## [Task to complete]
Exclude the images and transcribe the entries below precisely.

[Stored items]
• • • • • • •

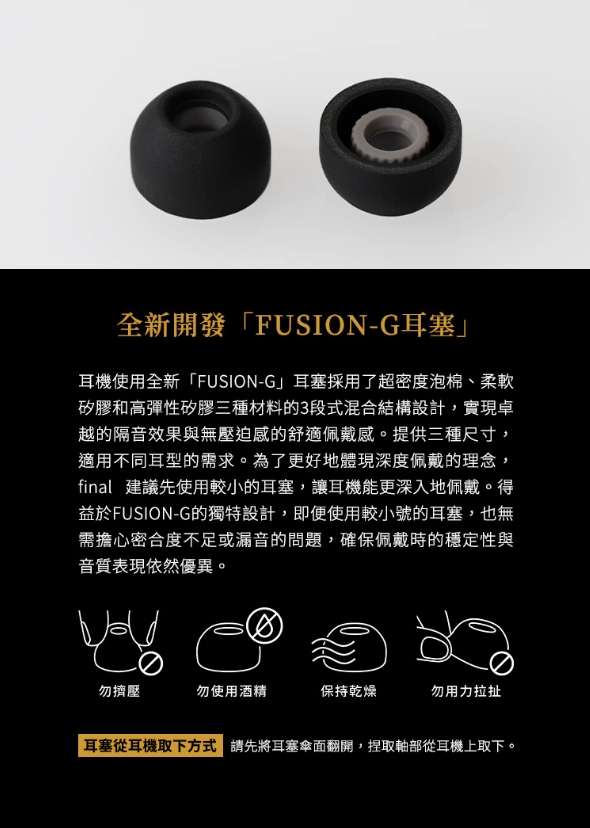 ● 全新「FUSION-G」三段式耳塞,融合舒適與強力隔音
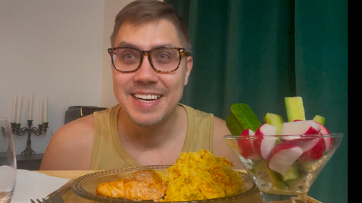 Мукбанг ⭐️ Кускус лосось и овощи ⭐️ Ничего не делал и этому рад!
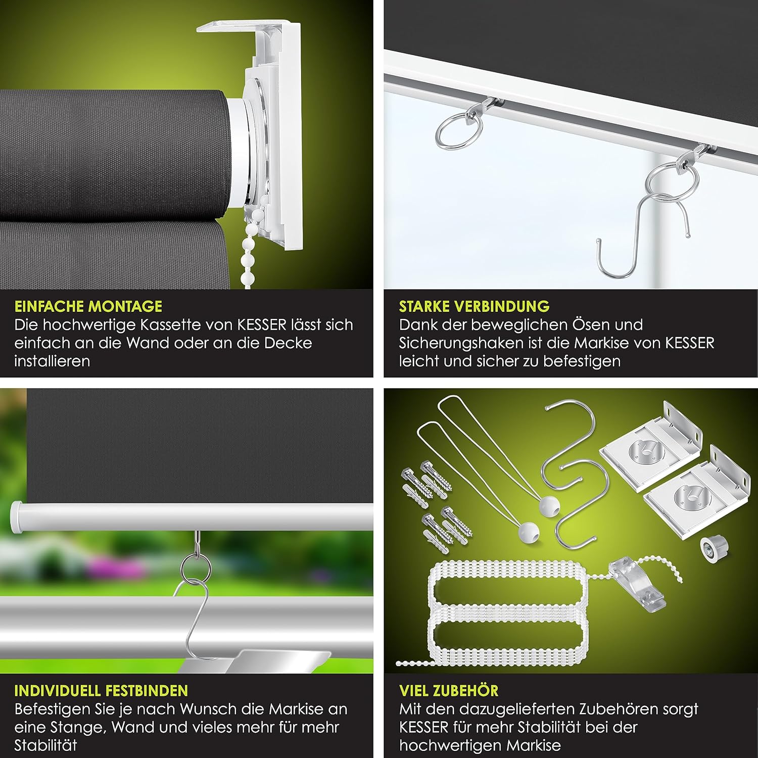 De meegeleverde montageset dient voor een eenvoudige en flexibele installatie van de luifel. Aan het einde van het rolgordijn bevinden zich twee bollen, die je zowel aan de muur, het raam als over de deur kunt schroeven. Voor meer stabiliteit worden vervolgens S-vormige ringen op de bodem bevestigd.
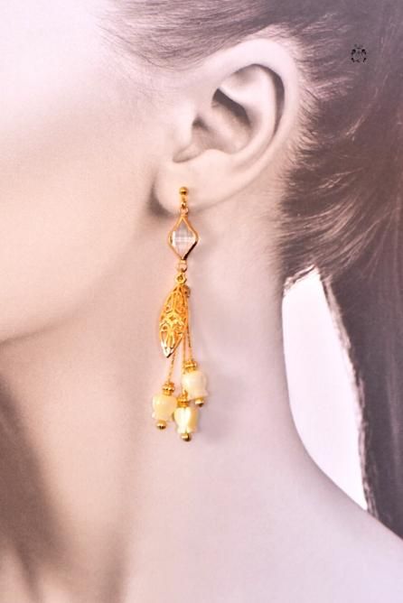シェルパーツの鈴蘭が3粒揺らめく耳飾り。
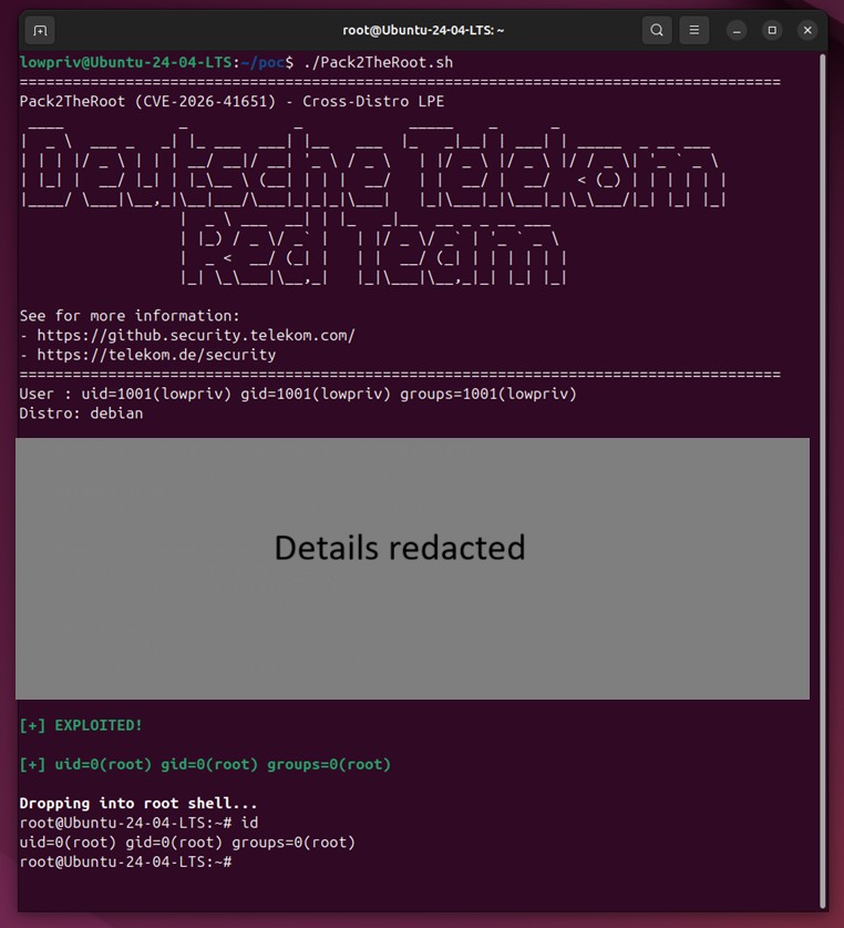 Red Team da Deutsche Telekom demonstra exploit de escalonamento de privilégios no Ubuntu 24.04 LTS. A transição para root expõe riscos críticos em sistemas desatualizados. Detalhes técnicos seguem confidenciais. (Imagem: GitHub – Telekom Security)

• • • • • • •

## [Task answer]
 ● 全新「FUSION-G」三段式耳塞,融合舒適與強力隔音
 Мукбанг ⭐️ Кускус лосось и овощи ⭐️ Ничего не делал и этому рад!
 De meegeleverde montageset dient voor een eenvoudige en flexibele installatie van de luifel. Aan het einde van het rolgordijn bevinden zich twee bollen, die je zowel aan de muur, het raam als over de deur kunt schroeven. Voor meer stabiliteit worden vervolgens S-vormige ringen op de bodem bevestigd.
シェルパーツの鈴蘭が3粒揺らめく耳飾り。
 Red Team da Deutsche Telekom demonstra exploit de escalonamento de privilégios no Ubuntu 24.04 LTS. A transição para root expõe riscos críticos em sistemas desatualizados. Detalhes técnicos seguem confidenciais. (Imagem: GitHub – Telekom Security)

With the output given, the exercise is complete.